Hedefe Doğru Adım Adım
Önünde hem Antalyaspor’un geleceği hem de kendi kariyeri için çok kritik 14 maç var.
Soyadının hakkını vermesini ve kaybetse bile hücum yaparak, savaşarak kaybetmesini umut ediyorum artık.
Beşiktaş maçı öncesi hiç umudum yoktu, mantığım maçı net bir skorla kaybeceğimizi söylüyordu. Maça haftalardır işlemeyen, artık iflas etmiş taktiğiyle çıktık Bülent Hocanın. Amaç futbol oynamaktan çok oynatmamak üzerine kuruluydu. Kazandığımız her topta geriye döndük. Ya Boffin ya da defans oyuncuları uzun toplarla ileri doğru şişirdiler, hücum oyuncularımız uzun Beşiktaş defansının arasında kayboldular.
Defansın arkasına uzun top taktiği her takıma karşı uygulanmaz.
Penaltı pozisyonu maçın kırılma anı oldu. Ardından peş peşe gelen gollerle ilk yarı maç bitti.
İkinci yarı Bülent Korkmaz maç başında yapması gereken şeyi yaptı. Topu yere indirdi, takım kanatları kullanarak oynamaya ve rakibi bunaltmaya başladı. İlk golün ardından ikinci gol de gelse maçın seyri değişirdi. Yine bir defans hatasıyla maç koptu gitti.
Sahada oynanan futbolla maç skoru ters orantılıydı bana göre. Boffin’in kariyerinin en kötü maçını oynaması da buna etken oldu. Salih Dursun haftalardır sahanın en kötüsü. Dün gece de bence Boffin ile beraber sahanın en kötüsüydü. Diego ve Celustka’nın bu takım için ne kadar önemli isimler olduğunu dün gece bir kez daha gördük.
Önümüzde çok kritik bir Çaykur Rizespor maçı var. Kazanırsak derin bir oh çekeriz, önümüze bakarız. Beraberlikte krizi bir hafta daha öteleriz. Eğer kaybedersek Bülent Korkmaz’ın hedefi olan ligde kalma mücadelesinin ortaklarından biri olmak adına önemli bir adım atarız.

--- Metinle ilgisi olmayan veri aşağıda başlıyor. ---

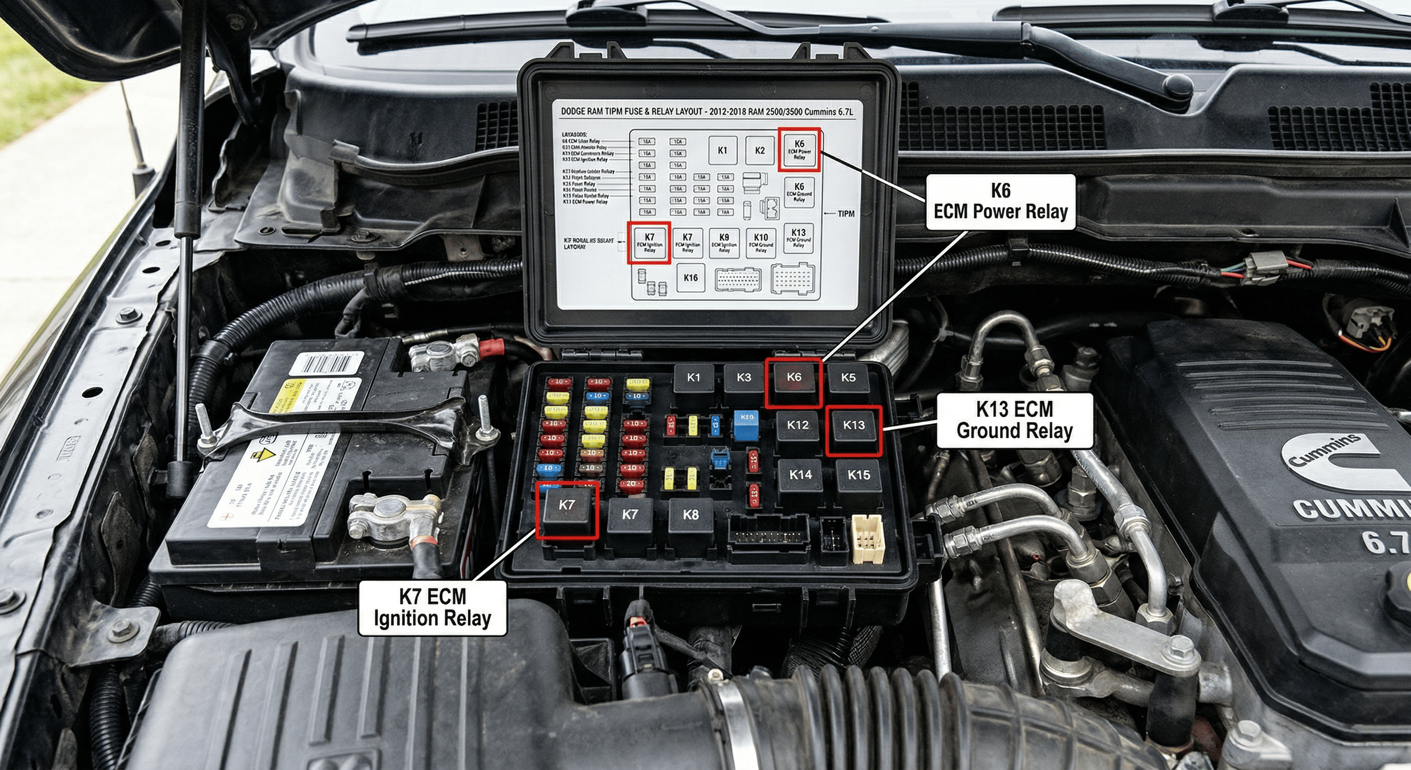 Step 3: Check ECM Power Relays and Fuses Action : Locate the fuse and relay panel (typically in the engine bay on Cummins-equipped Ram and commercial trucks) and identify the relays and fuses associated with ECM power supply. Consult your service manual for the exact fuse numbers — on most ISB/ISC/ISL applications, there are one or two dedicated ECM power fuses and at least one ECM power relay.
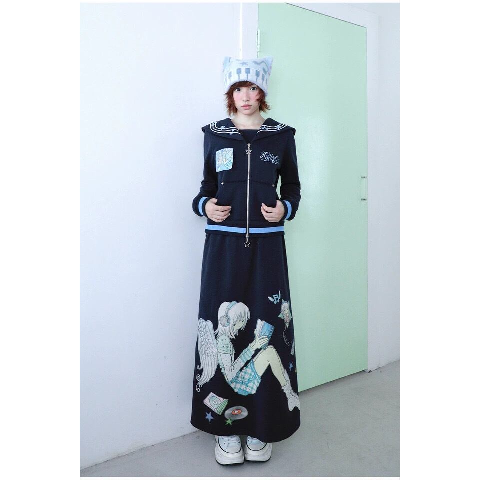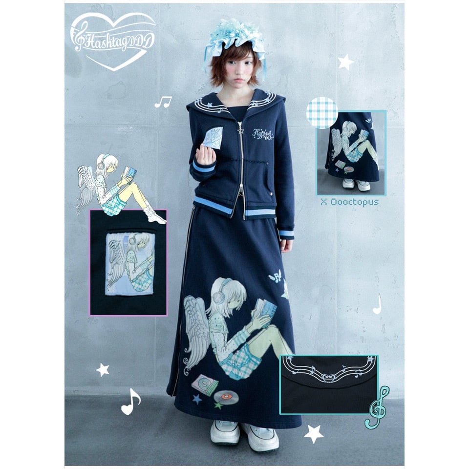 [Hashtag DDD] Ancient Blue Angel Double-Sided Zip Skirt

Bursaspor maçı sonrası lig dördüncüsü takımın hocası olarak “hedefimiz ligde kalmak” diye açıklama yaparak hem futbolcularının hem de camianın motivasyonunu bozan Bülent Korkmaz 5 haftalık serinin baş suçlusudur.

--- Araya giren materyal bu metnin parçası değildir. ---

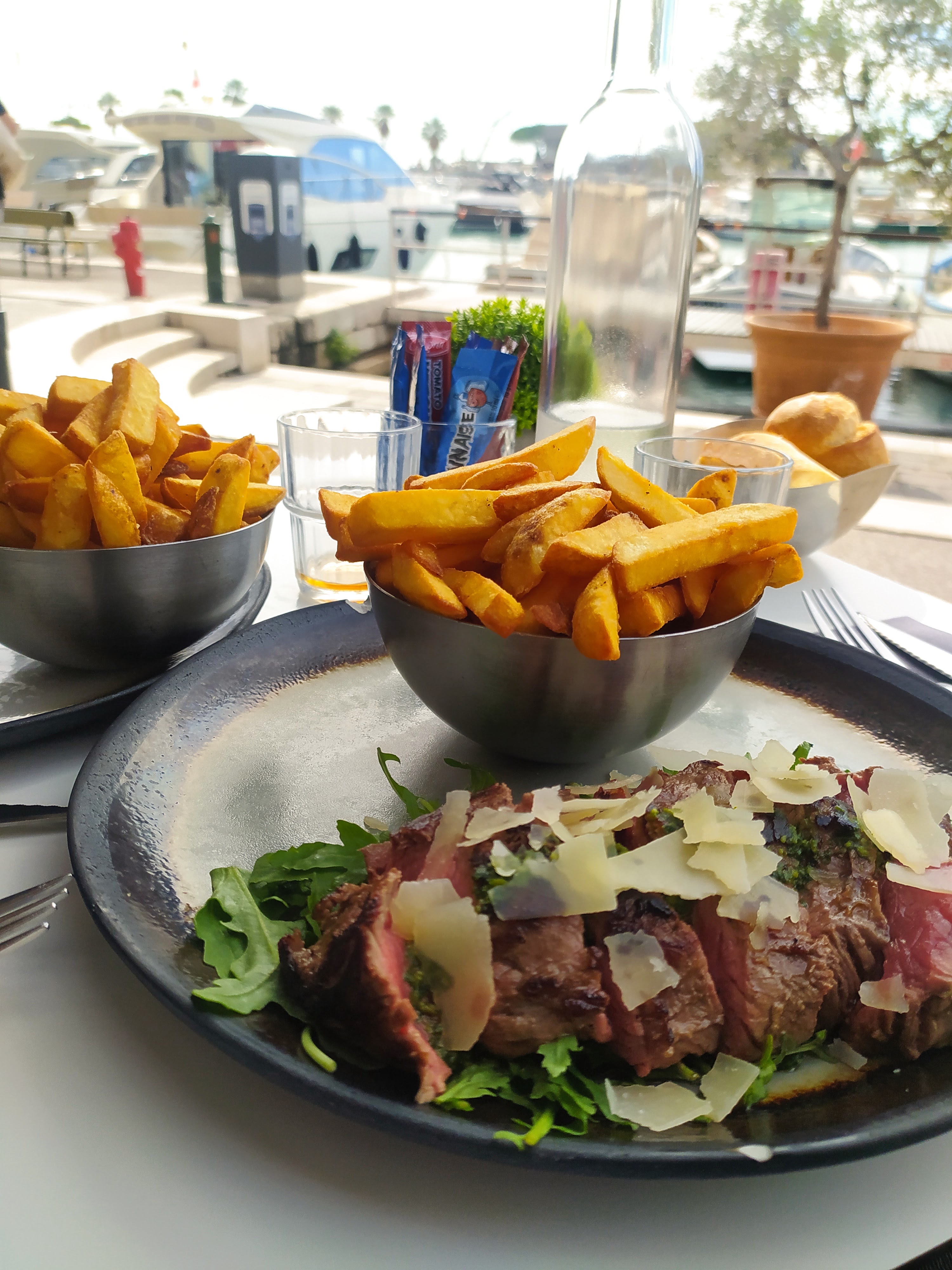 Je ne sais pas si tous ces beaux commentaires sont dues au superbe cadre du port et à l'euphorie des vacanciers, j'ai du mal a comprendre. Les prix sont très élevés, 17 euros la «Pièce du boucher» pour se retrouve avec un minuscule morceau du viande qui ne calerais pas un enfant de 5 ans, une toute petite poignée de frites et deux tranches de salade. On a l'impression de déranger la serveuse à la moindre demande. Point positif, les frites sont faites maison mais la portion est tellement ridicule qu'on les fini en 1 minute.
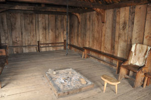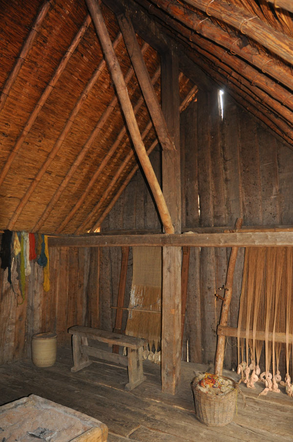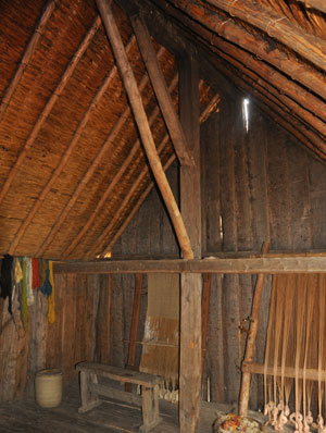 The Weaving House (SFB 20) View of the interior of the Weaving House. This building has been fitted out with looms as a weaving shed, as one of the burned houses contained the remains of several looms. Some of the buildings, like this one, appear to have been used for working in, and others for living in. A clay hearth was installed in 1983, but vibrations from floorboards cracked it. In 1992 a new hearth made of an oaken box replaced it, and is seen here.
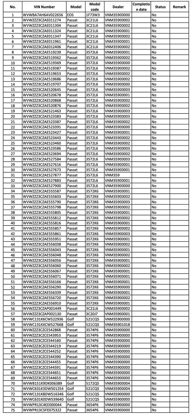 Cục Đăng kiểm Việt Nam cho biết Volkswagen Việt Nam đang triệu hồi 75 xe Passat và Golf do nguy cơ lỗi bộ bơm khí túi khí Takata. Chương trình kiểm tra và thay thế linh kiện kéo dài từ tháng 2/2026 đến tháng 2/2029.
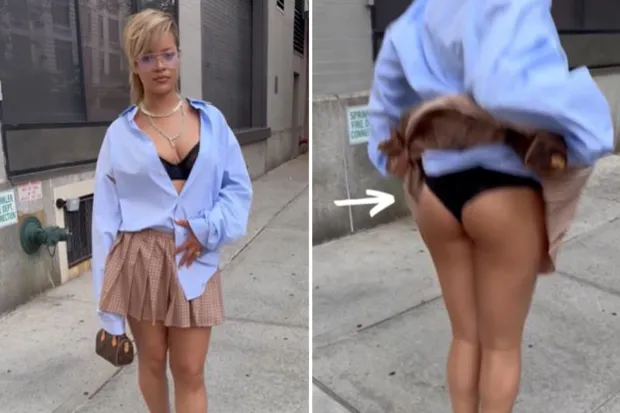 As she debuted her new style, Rihana startled admirers by purposefully exposing her underwear on a crowded street in New York City.

Geçen hafta dediğim gibi cepten kredisinden yemeye devam ediyor ve dere geçerken at değiştirmeyi doğru bulmuyorum. Nasıl 28 puanı bu takımla topladıysa ve sonrasında nasıl bu takımı bu motivasyonsuz, oyun plansız hale getirdiyse yine buradan ayağa kaldıracak isim de kendisidir.

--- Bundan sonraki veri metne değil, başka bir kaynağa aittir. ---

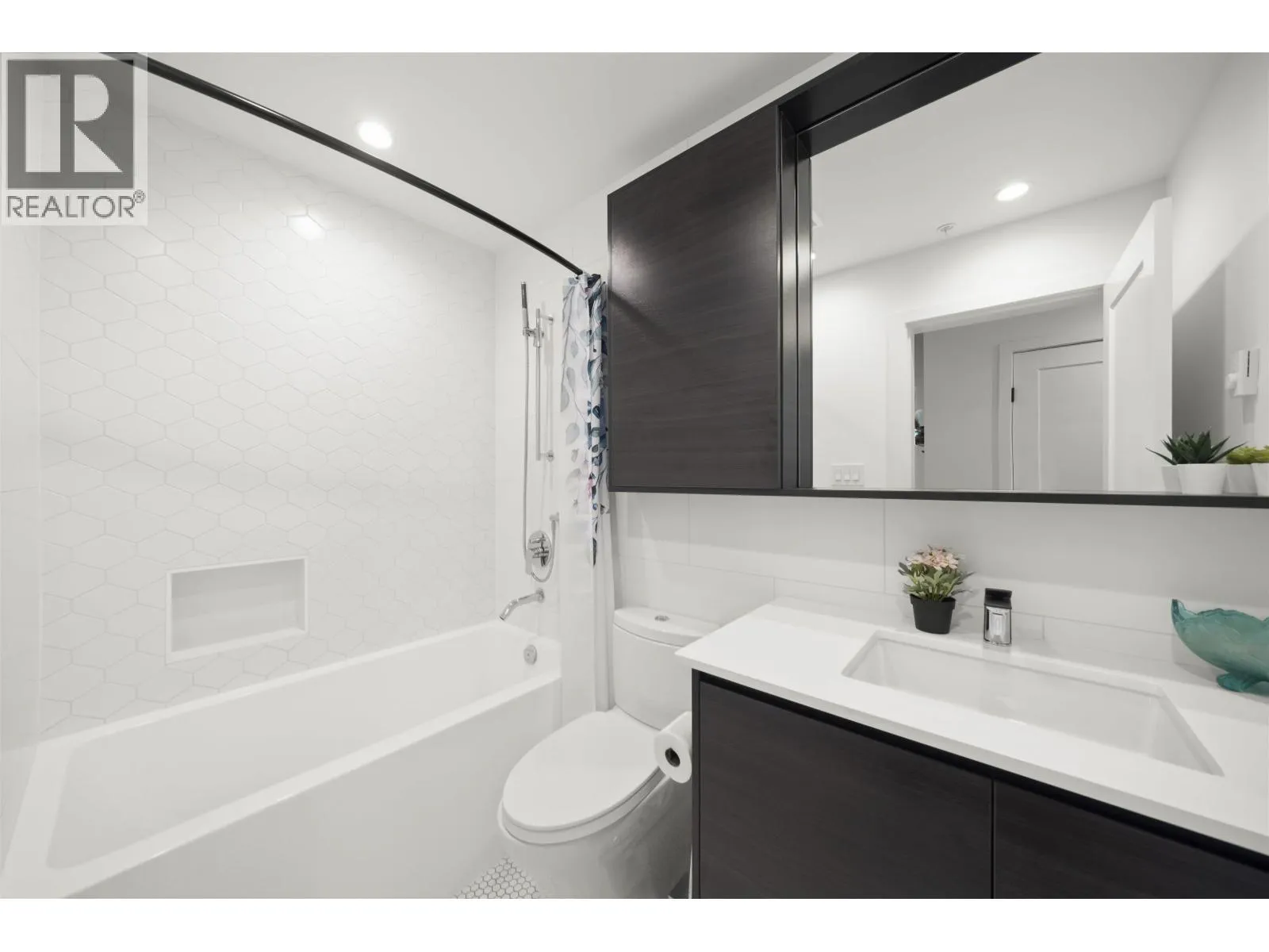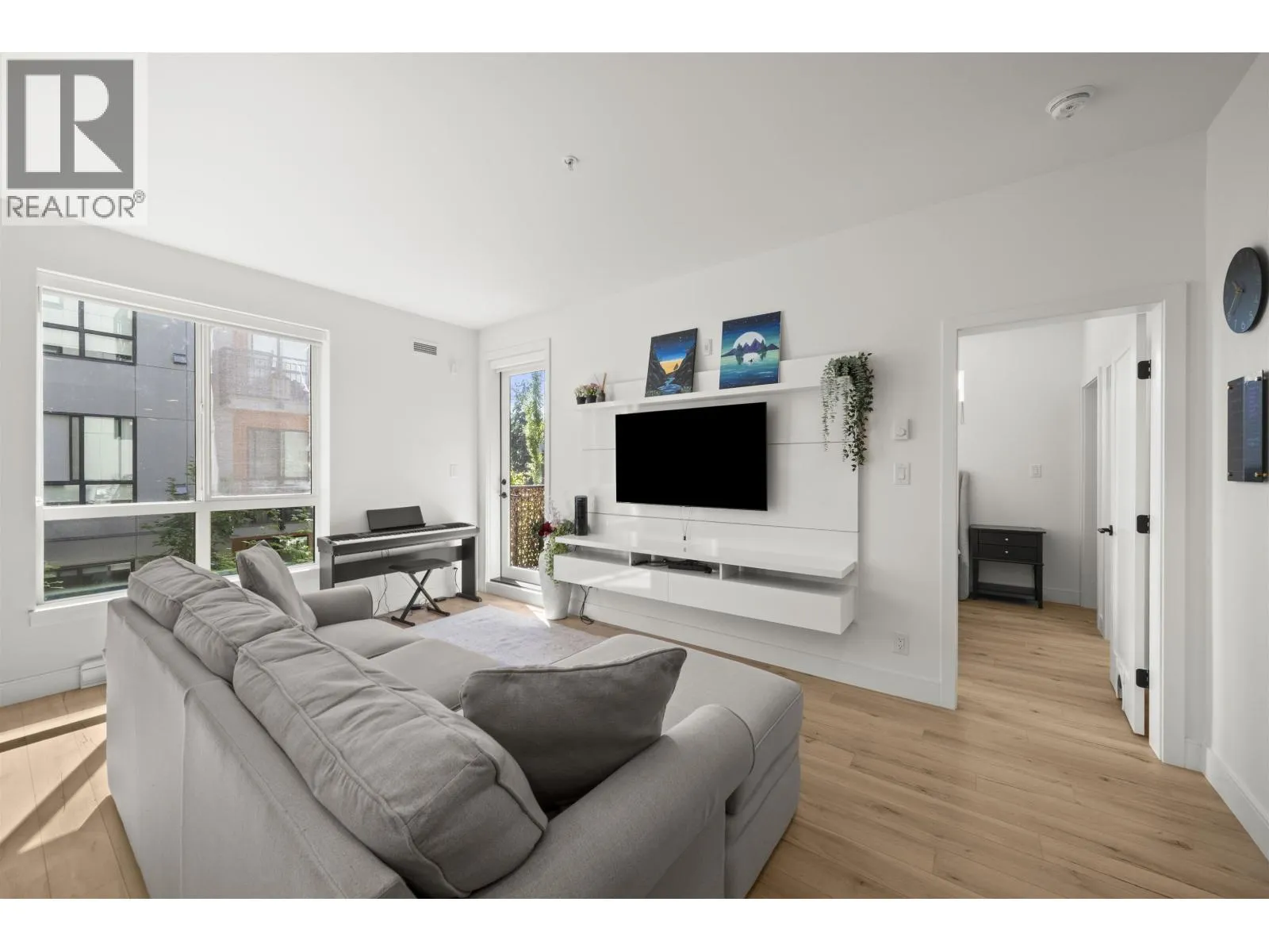Welcome to modern living in the heart of Port Moody. This garden-facing 2 bedroom, 2 bathroom corner home at 50 Electronic Ave offers nearly 1,000 square ft of open-concept space, thoughtfully designed with integrated appliances, a striking quartz waterfall island, and a custom pantry wall. Level up your lifestyle with exclusive access to Club 50, a 9,000 sq ft, three-level amenity space with everything from a fitness centre and yoga studio to a sky lounge, coworking hub, kids´ play area, podcast room, dog wash, guest suite, and more. With TWO parking stalls and TWO storage lockers, this home offers both comfort and convenience. Just steps from the SkyTrain, Shoreline Trail, restaurants, and shops. (id:27476)

Önünde hem Antalyaspor’un geleceği hem de kendi kariyeri için çok kritik 14 maç var.
Soyadının hakkını vermesini ve kaybetse bile hücum yaparak, savaşarak kaybetmesini umut ediyorum artık.
Zira ben pasif futboldan, şut çekmeden bitirilen 90 dakikalardan artık fazlasıyla sıkıldım. 3 sene önceki Bursaspor örneğini kafamızın bir kenarına kazıyalım, 27 puanla bitirdiği ligin ilk yarısını, ikinci yarıdaki felaket performansıyla son hafta Trabzonspor’u deplasmanda yenerek ligde kalmayı garantileyerek bitirdi.
Gelelim gecenin diğer bir tatsız olayına… Her İstanbul takımıyla oynanan maçta yaşanan ” İçimizdeki İrlandalılar ” problemi bu maçta tavan yaptı.
İstanbul takımı forması ve atkısıyla Antalyaspor tribünlerine girenler ve buna müsaade edenlere tepki gösteren Antalyaspor taraftarları güvenlik görevlilerinin müdahalesine maruz kaldı. Kendi stadında, haklı olduğu bir konuda haksızlığa uğrayan çok sayıda taraftarımız protesto ederek devre arasında tribünleri terk etti.
Passolig kartlarında sadece Antalyaspor ibaresi olan kartlara satış yapılması ve üzerinde rakip takımın ürünleri olanların Antalyaspor tribünlerine sokulmaması gerekli. Bunla ilgili herhangi bir ciddiyet olmaması çok üzücü.
Maçın uzatma dakikalarında sarı kart sınırında olduğunu bile bile orta sahada rakibini arkadan çekerek kart gören ve Rizespor gibi kritik bir deplasmanda cezalı duruma düşen Doukara’ya ise söyleyecek söz bulamıyorum.